[Federal Register: December 20, 2002 (Volume 67, Number 245)]
[Page 78009-78011]
From the Federal Register Online via GPO Access [wais.access.gpo.gov]



Fish and Wildlife Service

Notice of Availability of the Draft Environmental Impact 
Statement and Comprehensive Conservation Plan for the Nisqually 
National Wildlife Refuge for Review and Comment, and Notice of Public 

AGENCY: Fish and Wildlife Service, Interior.

ACTION: Notice of availability and notice of public meetings.


SUMMARY: The U.S. Fish and Wildlife Service (Service) announces that a 
Draft Environmental Impact Statement and Comprehensive Conservation 
Plan (Draft EIS/CCP) for Nisqually National Wildlife Refuge (Refuge) is 
available for review and comment. This Draft EIS/CCP, prepared pursuant 
to the National Wildlife Refuge System Administration Act, as amended 
and the National Environmental Policy Act of 1969, describes the 
Service's proposal for management of the Refuge for the next 15 years. 
Proposed changes to the Refuge being considered include the restoration 
of historic estuarine habitat and dike removal; a proposed expansion of 
the approved Refuge boundary; changes to the trail system; opening the 
Refuge to waterfowl hunting; and establishing a speed limit of 5 miles 
per hour in Refuge waters for all water craft. Also available for 
review with the Draft EIS/CCP, are draft compatibility determinations 
for waterfowl hunting; recreational fishing; boating; environmental 
education; wildlife observation, photography and interpretation; 
research; and haying.

DATES: Written comments must be received at the address below by 
February 18, 2003. Public meetings will be held on:
    1. Wednesday, January 15, 2003, 3 p.m. to 8:30 p.m., Olympia, WA.
    2. Thursday, January 16, 2003, 3 p.m. to 8:30 p.m., Tacoma, WA.

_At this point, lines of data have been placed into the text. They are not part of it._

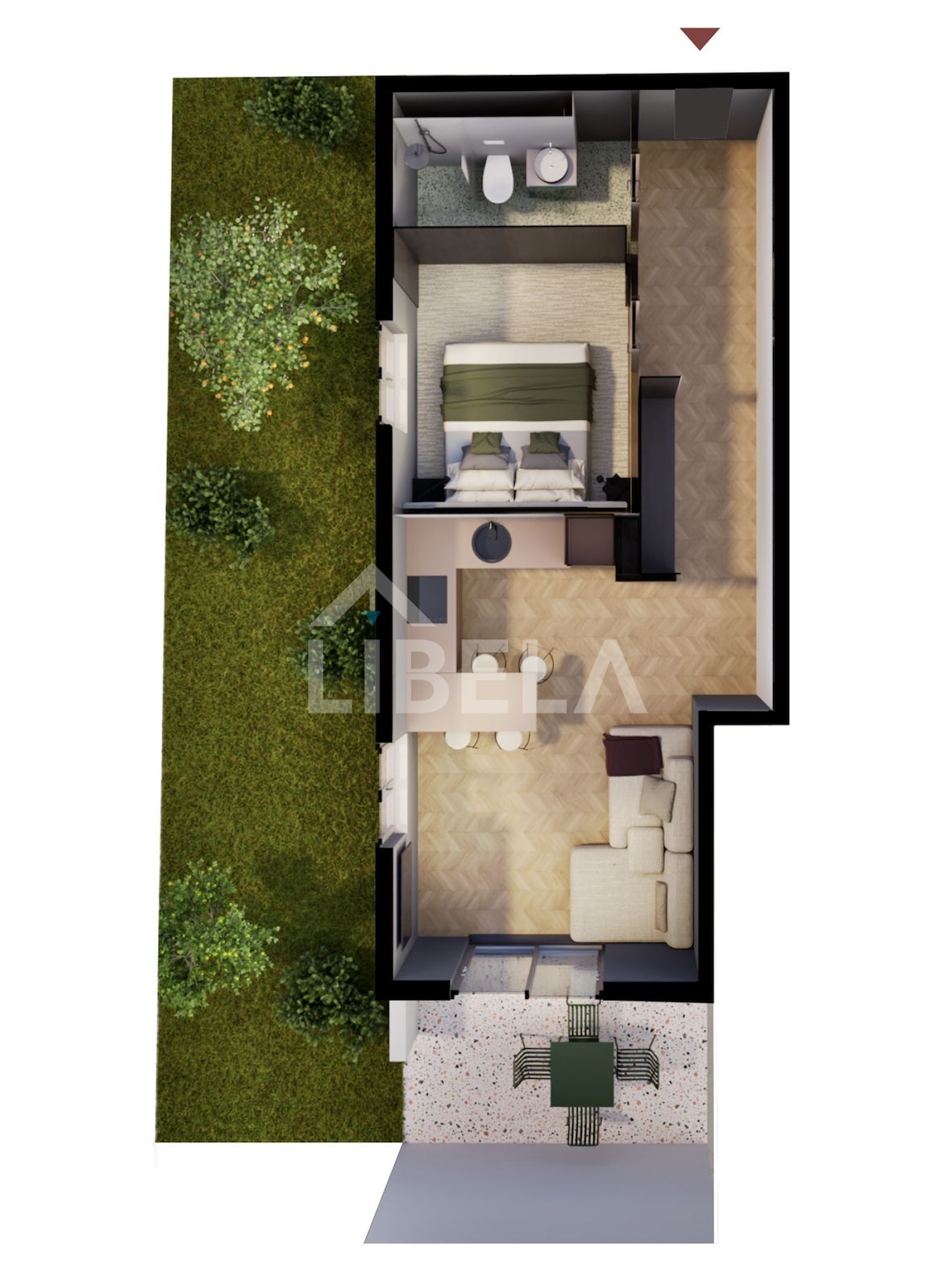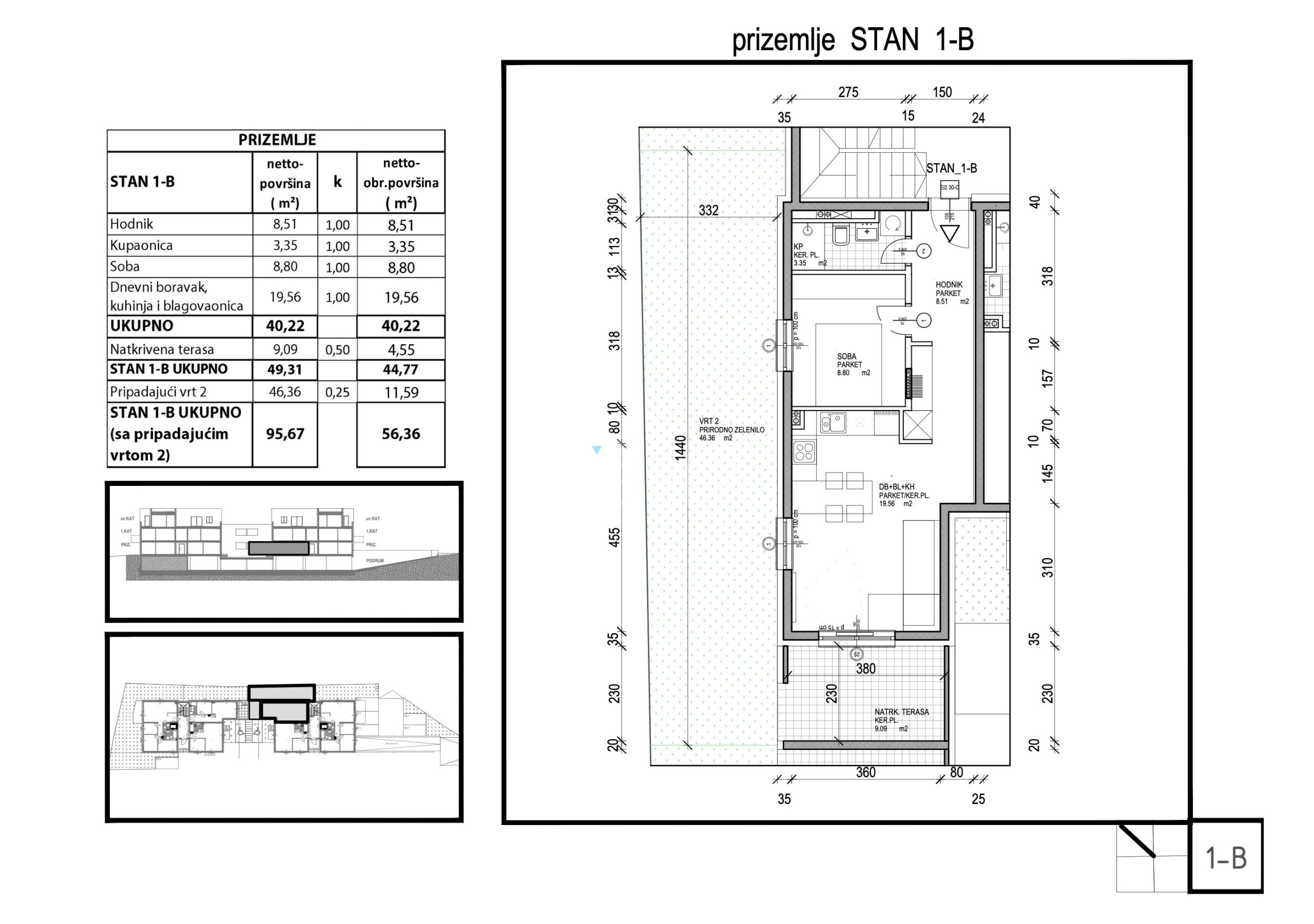 Stan 1-B sastoji se od dnevnog boravka s blagovaonicom i kuhinjom, spavaće sobe, kupaonice, hodnika, natkrivene terase i vrta.
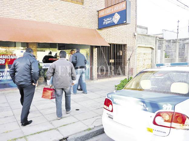 Amigos de lo ajeno hicieron de las suyas en una consultora de seguros de barrio Sur. Del hecho se tuvo noticias poco después de las 8 cuando ocasionales transeúntes advirtieron que la puerta del Instituto del Seguro (ubicado en Saavedra al 1800) estaba abierta, por lo que el llamado a la policía no se hizo esperar. A poco de arribar los uniformados inspeccionaron el lugar y comunicaron la amarga noticia a los encargados del negocio. Según se supo para ingresar los cacos forzaron una puerta blíndex hasta que hicieron saltar las trabas de la cerradura. Una vez en el interior del negocio sustrajeron dos equipos de computación completos (All in one), además de 3 mil pesos en efectivo y alguna documentación. Peritos de la Unidad Regional I trabajaron en el lugar (foto) y se llevaron información para la causa.
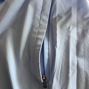 Zippered hip welt pockets.
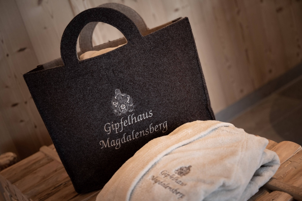 Il nostro accappatoio brilla con il logo individuale del Gipfelhaus, oltre a una moderna e pratica borsa wellness con ricami di design.
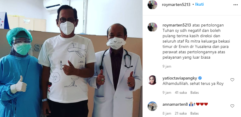 “Atas pertolongan Tuhan sy sdh negatif dan boleh pulang,” tulis Roy Marten. Kemudian, aktor berusia 68 tahun itu juga mengungkapkan rasa terima kasih kepada dokter dan juga para perawat.
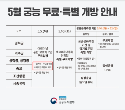5월은 궁능 무료 특별개방이 있습니다. 어린이날, 어버이날 각종 행사도 한다고 하니 참고하시기바립니다.
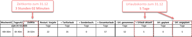 2. Urlaubskonto: "Änderung Urlaubskonto zum..."
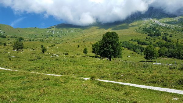 Diese Tour führt uns am Fuße des Krn-Massivs über die Almen (Planina) Slapnik und Zaslap, wo man Käse kaufen kann, zur Hütte Planina Kohinja. Die Hüttenwirte, selbst Hundebesitzer, servieren in ihrem großen Gastgarten slowenische Spezialitäten. Unbedingt probieren: Struklji, eine Art gekochter Topfen-Strudel, süß oder herzhaft gefüllt. Die Tour eignet sich nicht für heiße Tage, da der Anstieg teilweise knackig und der Weg weitgehend schattenlos ist. Wenn das Wetter passt, schaffen es ausdauernde Naturen von der Planina Zaslap auch noch weiter zur Krn-Hütte.
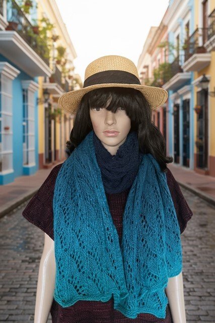Der fertige Schal ist 74cm breit und 185cm lang.
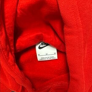 Vibrant red Nike hoodie with Georgia lettering. Features bold sleeve graphic and classic design.
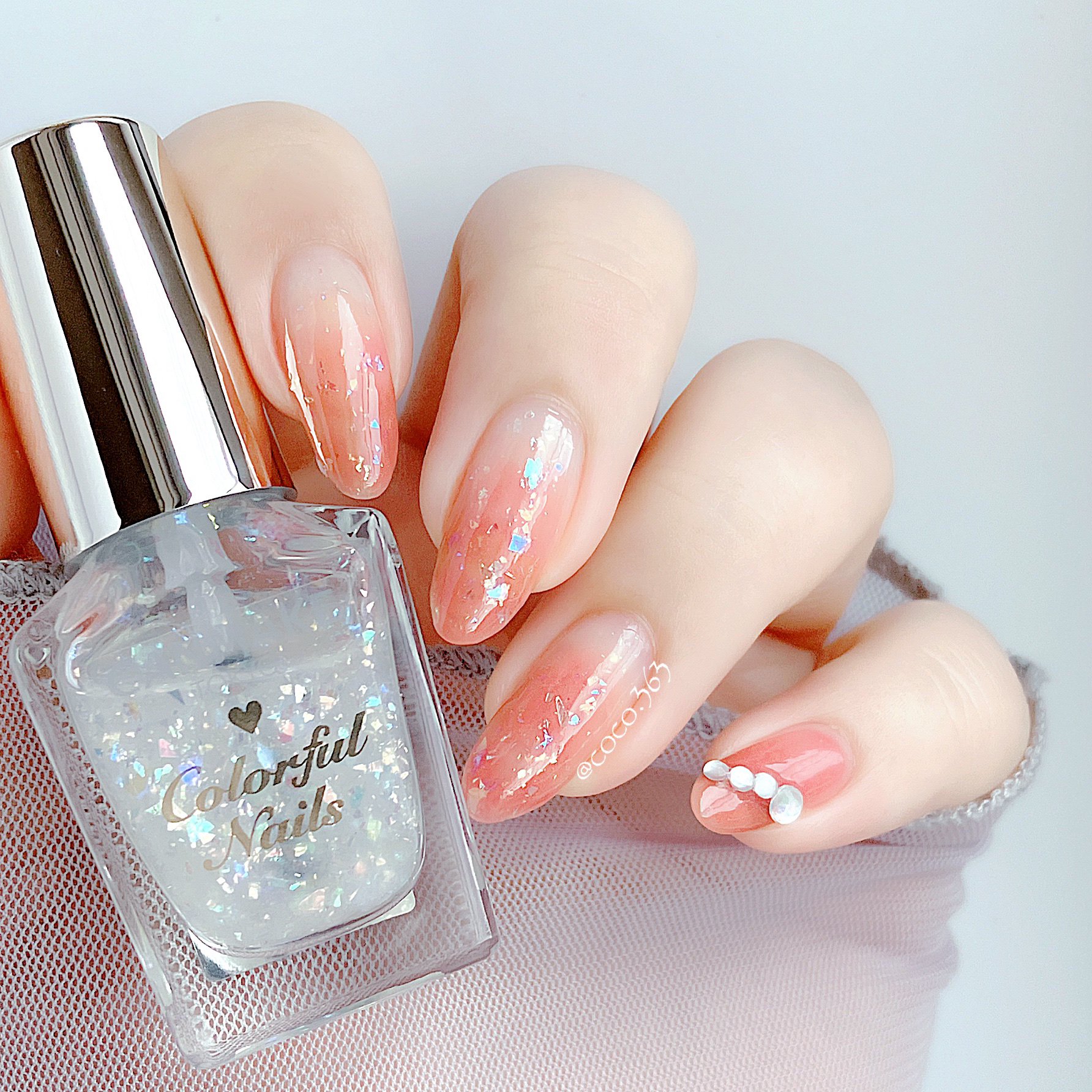 エアリーで透明感のあるN82 クラウドレススカイにちふれのシルバーラメを合わせると涼やかに𓂃◌𓈒𓐍 乱切りホロはあらかじめ小さめのものを選んでおきトップコートを2度塗りするとホロが取れにくくなりおすすめです👌🏻 ガラスフレンチ 透明感ネイル 青ネイル
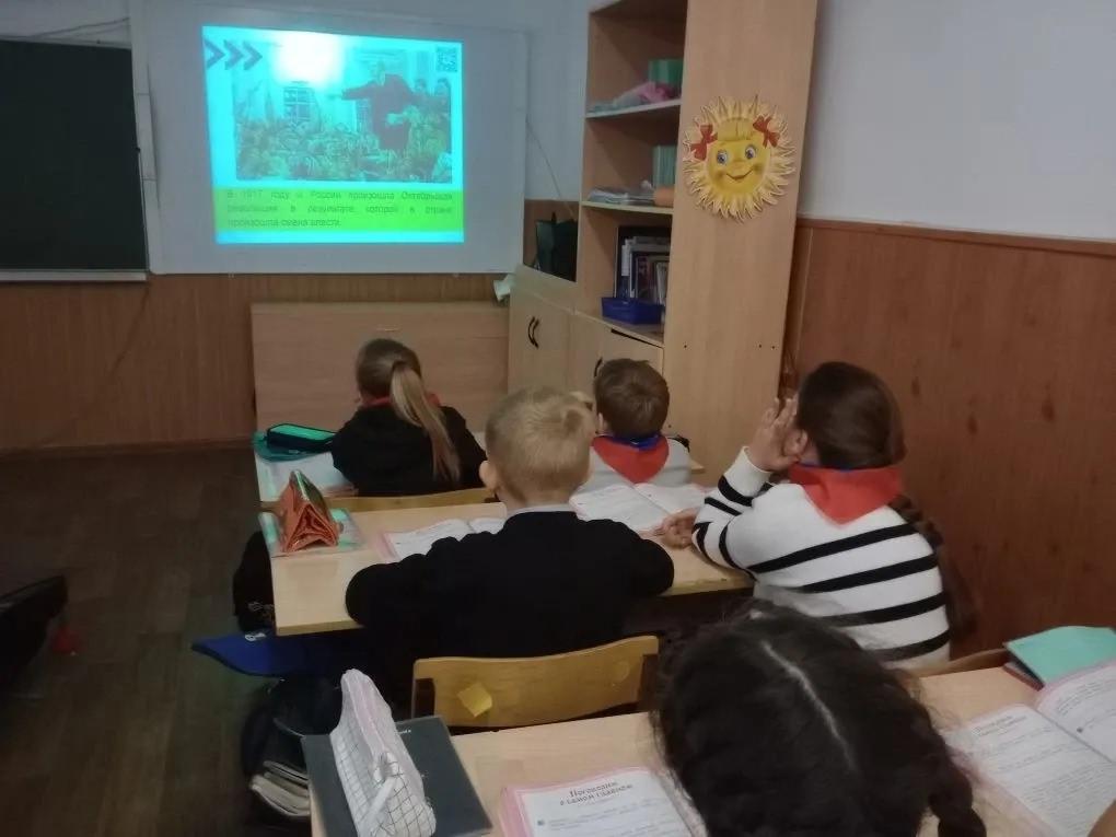 Для учеников 4-го "в" класса провели специальную беседу, чтобы они глубже поняли это событие. Дети узнали о ключевых моментах революции, её влиянии на общество и экономику, а также о том, как она изменила Россию.
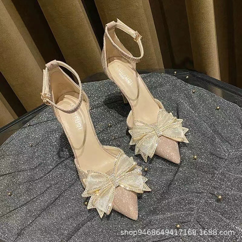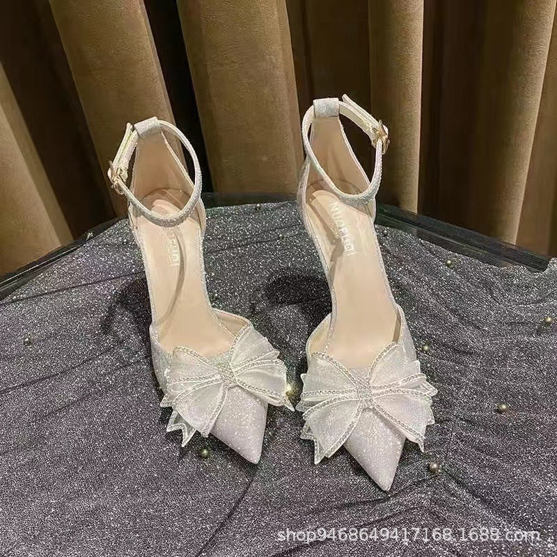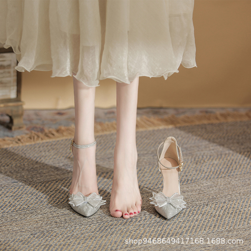 Sandals Women's Summer 2025 New Baotou Hollow Bow High Heels Fairy Pointed Shoes Princess Wind Dress Shoes HZ0115
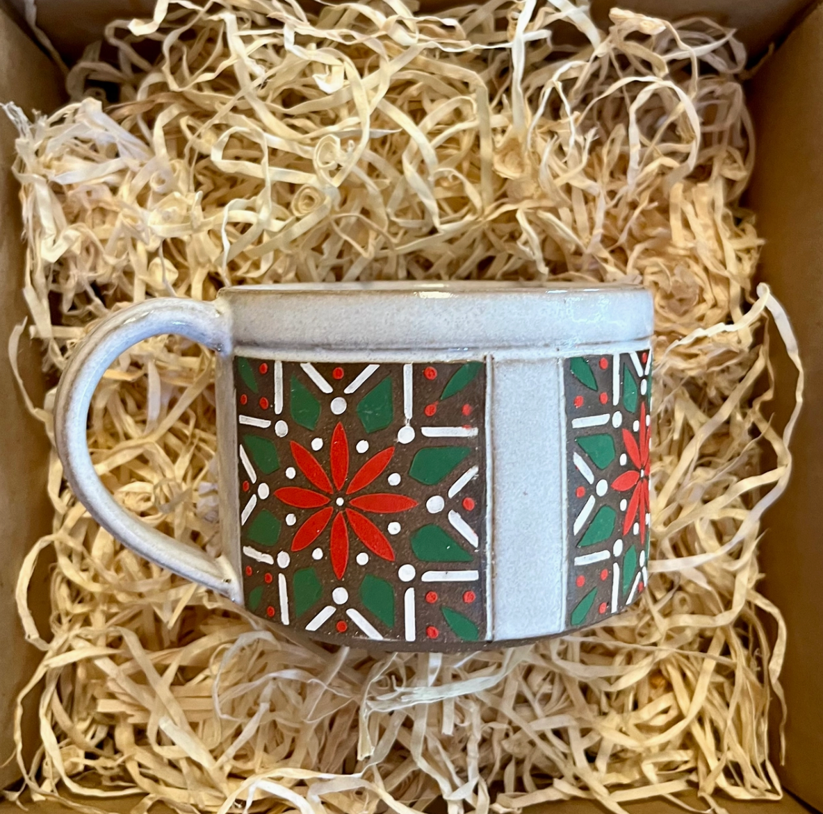Introducing the "Christmas Comfort" mug, a beautifully handcrafted stoneware piece that embodies warmth and charm. Featuring a unique quilt block exterior, this mug showcases a holiday edition quilted pattern. The striking white glazed handle and liner provide a delightful contrast to the red, green, and white patterned exterior. Each mug is meticulously handmade and wheel-thrown in Vermont, ensuring that every piece is one-of-a-kind. Perfect for enjoying your favorite holiday beverages.
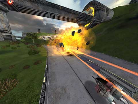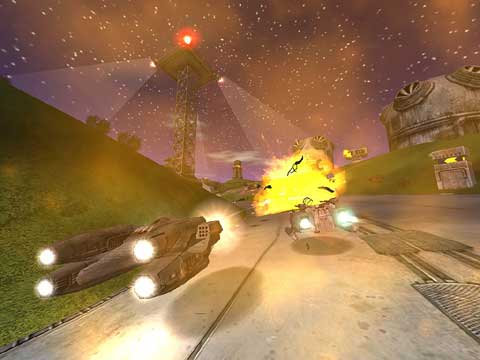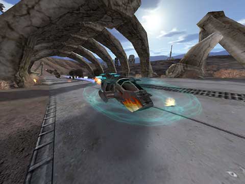 The hovercraft race takes place in a futuristic, sci-fi environment that
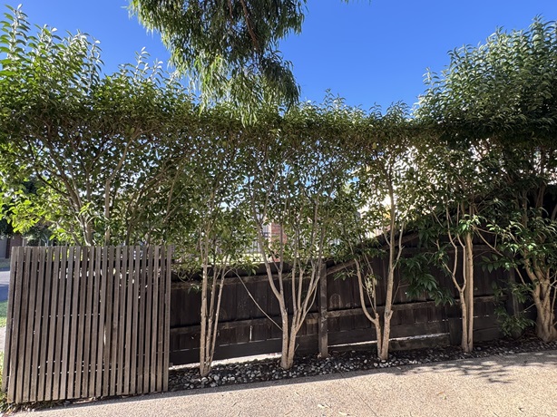 A row of weedy Privet and a narrow driveway makes it hard to park.
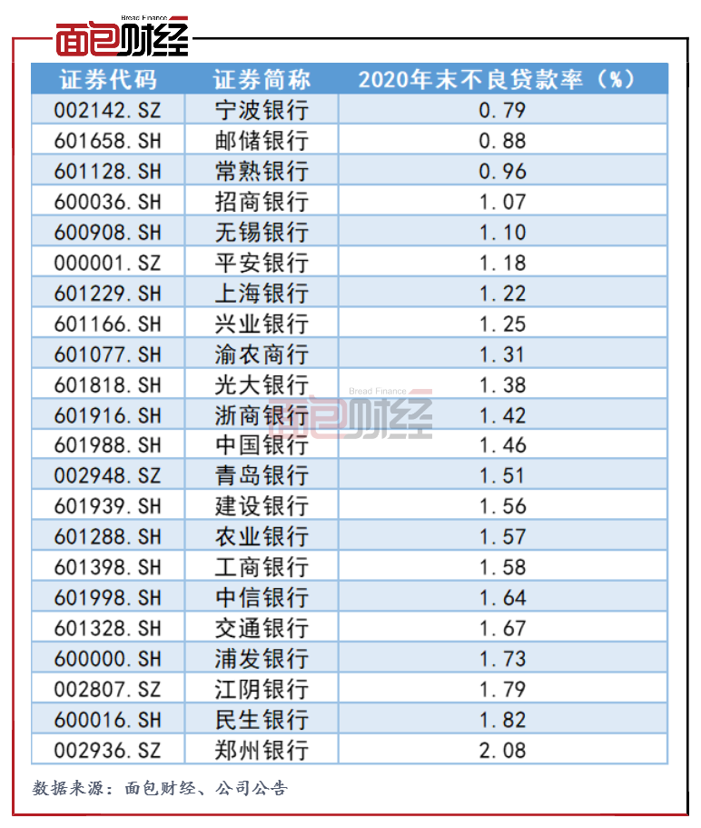 在當(dāng)前已經(jīng)發(fā)布年報的城商行中,上海銀行不良率位居第二低,明顯低于國有行和大部分股份制商業(yè)銀行。
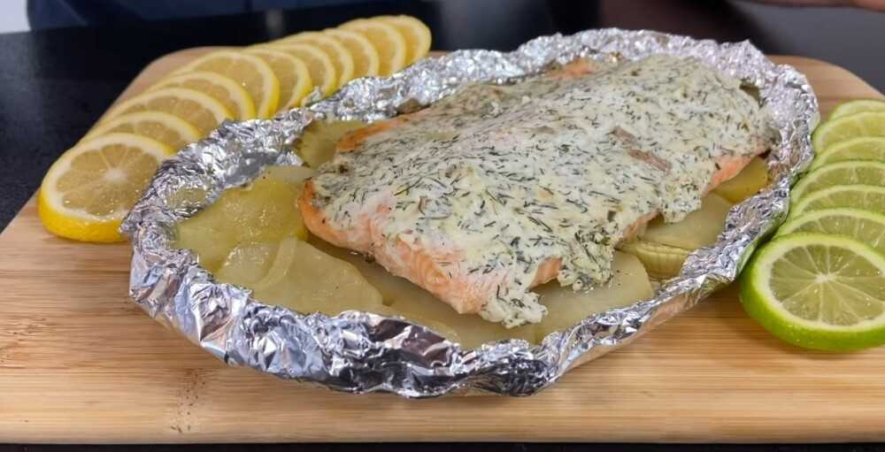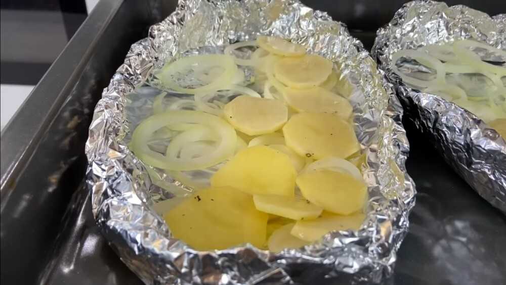 Накрыть вторым листом фольги, завернуть края и запекать полчаса.
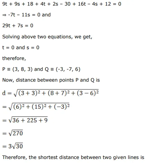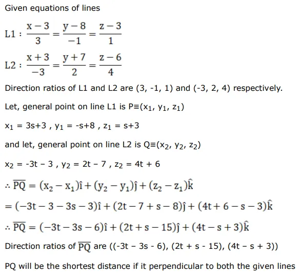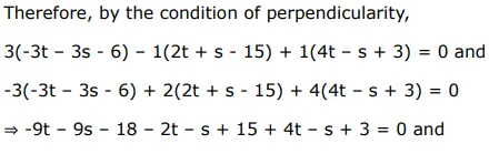 $\frac{x-3}{3}=\frac{y-8}{-1}=z-3$ and $\frac{x+3}{-3}=\frac{y+7}{2}=\frac{z-6}{4} .$

ADDRESSES: Comments on the Draft EIS/CCP should be addressed to: Jean 
Takekawa, Refuge Manager, Nisqually National Wildlife Refuge Complex, 
100 Brown Farm Road, Olympia, Washington 98516. Comments may also be 
submitted at the public meetings or via electronic mail to 
FW1PlanningComments@fws.gov. Please type ``Nisqually NWR'' in the 
subject line. The public meeting locations are:
    1. Nisqually National Wildlife Refuge, 100 Brown Farm Road, 
Olympia, WA.
    2. Tacoma Public Library, 1102 Tacoma Avenue S., Tacoma, WA.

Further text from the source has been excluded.